Cinema

Cinema: The Miracle of Father Stu

Mark Wahlberg and Mel Gibson's latest film tells the incredible story of Father Long and his journey from the ring to the wheelchair.

Patricio Sánchez-Jáuregui-June 18, 2022-Reading time: 2 minutes

Still from the film. © Sony Pictures

Direction and screenplay: Rosalind Ross
United States 2022

Rarely can we see a film with a religious -or spiritual- theme that does not skate when it comes to promoting its particular cause in a way that is disrespectful to the viewer. It proclaims this one with the stick and baton of an omnipresent sentimentality and drowns any reasoning with cloying. Father stu, o Father Stu's miracletranslated into Spanish, is different.

Emerging from an asteroid field of mixed reviews (some of them belligerently rabid), the more than respectable debut of its director, Rosalind Ross, arrives on our screens: a film that contributes, whose vision of suffering is not one of evasion, but of encounter, and which can produce
The film is a little flicker in the brain of a viewer whose problems are solved with pills, the weekend as a vital purpose and living it all among hashtags.

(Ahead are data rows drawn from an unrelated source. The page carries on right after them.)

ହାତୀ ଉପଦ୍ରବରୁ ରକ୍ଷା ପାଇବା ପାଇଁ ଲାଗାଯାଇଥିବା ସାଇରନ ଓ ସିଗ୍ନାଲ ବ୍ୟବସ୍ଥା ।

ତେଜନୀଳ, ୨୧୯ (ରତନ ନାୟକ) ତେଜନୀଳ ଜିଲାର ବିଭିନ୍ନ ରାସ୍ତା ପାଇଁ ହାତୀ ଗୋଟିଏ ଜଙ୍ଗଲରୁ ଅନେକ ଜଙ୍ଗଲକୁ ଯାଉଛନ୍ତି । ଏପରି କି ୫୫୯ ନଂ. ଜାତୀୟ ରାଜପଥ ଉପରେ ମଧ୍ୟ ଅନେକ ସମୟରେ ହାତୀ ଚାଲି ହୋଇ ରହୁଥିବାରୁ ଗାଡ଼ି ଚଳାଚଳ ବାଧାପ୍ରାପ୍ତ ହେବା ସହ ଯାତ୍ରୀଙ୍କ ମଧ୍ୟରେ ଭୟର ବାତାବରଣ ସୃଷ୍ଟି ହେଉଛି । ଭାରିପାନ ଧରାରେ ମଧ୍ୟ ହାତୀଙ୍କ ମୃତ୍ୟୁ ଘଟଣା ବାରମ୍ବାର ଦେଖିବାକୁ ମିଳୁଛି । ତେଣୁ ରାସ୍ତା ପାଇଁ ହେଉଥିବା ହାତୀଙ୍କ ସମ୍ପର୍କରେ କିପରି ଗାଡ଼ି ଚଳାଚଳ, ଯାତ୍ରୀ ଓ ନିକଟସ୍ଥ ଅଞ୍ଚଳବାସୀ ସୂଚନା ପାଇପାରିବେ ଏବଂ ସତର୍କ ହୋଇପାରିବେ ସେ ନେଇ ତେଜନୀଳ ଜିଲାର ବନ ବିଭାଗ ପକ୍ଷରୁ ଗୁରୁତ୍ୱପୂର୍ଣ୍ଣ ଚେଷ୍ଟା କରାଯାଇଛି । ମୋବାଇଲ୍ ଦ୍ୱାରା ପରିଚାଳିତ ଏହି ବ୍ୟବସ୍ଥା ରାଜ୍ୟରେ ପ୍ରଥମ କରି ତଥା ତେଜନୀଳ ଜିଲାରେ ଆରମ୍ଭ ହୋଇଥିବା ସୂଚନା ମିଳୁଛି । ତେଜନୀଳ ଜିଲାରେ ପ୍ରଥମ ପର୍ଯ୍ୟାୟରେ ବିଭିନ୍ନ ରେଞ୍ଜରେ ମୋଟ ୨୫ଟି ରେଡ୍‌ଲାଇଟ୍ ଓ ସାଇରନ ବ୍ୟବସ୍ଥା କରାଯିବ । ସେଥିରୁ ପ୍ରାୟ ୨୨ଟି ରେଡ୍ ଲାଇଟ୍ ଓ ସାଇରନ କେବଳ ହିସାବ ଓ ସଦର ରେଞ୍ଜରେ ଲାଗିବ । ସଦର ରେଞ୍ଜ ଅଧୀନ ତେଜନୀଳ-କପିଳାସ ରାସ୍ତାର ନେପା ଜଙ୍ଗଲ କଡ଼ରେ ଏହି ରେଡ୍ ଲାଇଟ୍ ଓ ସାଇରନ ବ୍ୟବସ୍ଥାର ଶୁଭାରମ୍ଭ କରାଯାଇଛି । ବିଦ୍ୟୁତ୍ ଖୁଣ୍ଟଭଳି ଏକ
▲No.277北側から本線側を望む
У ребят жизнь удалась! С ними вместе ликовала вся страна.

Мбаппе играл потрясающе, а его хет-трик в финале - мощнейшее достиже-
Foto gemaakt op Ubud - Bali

We must make an exercise to leave prejudices -and hashtags- out and enjoy the simplicity of the story and the possibility that it is, as it is,
based on a real event, which makes everything more controversial -and relevant-.

Mark Wahlberg is Stu, a man whose aspirations go no further than survival and, after boxing and jail, decides to try his luck in the city of Los Angeles as an actor. Exuding confidence and self-destruction, he will try to make his way in a life he never trusted. This is how he meets Carmen (Teresa Cruz), a devout parishioner who will kick-start a process of conversion. This will go beyond their relationship and will put him at the doors of the seminary, with its more or less funny problems and clashes.

However, everything takes a more dramatic step when he is diagnosed with a degenerative muscle disease. It is then that the journey towards death but also redemption truly begins. Avoiding the whining, underpinned by the carefree attitude of the protagonist, and with two great supporting actors (always huge Mel Gibson and the eternally tender Jacki Weaver), plus a tertiary who is always a pleasure to watch (Malcolm McDowell). We have in our hands a conveyor belt, tribute, that avoids the conventions of sanctity and tells a true story with simplicity, agile script, awake and unpretentiousness. A stimulating, correct and pleasant work, which lets the emotions breathe and whose dialogues often arouse laughter in the theater. A personal project of Wahlberg himself that is easy to get attached to.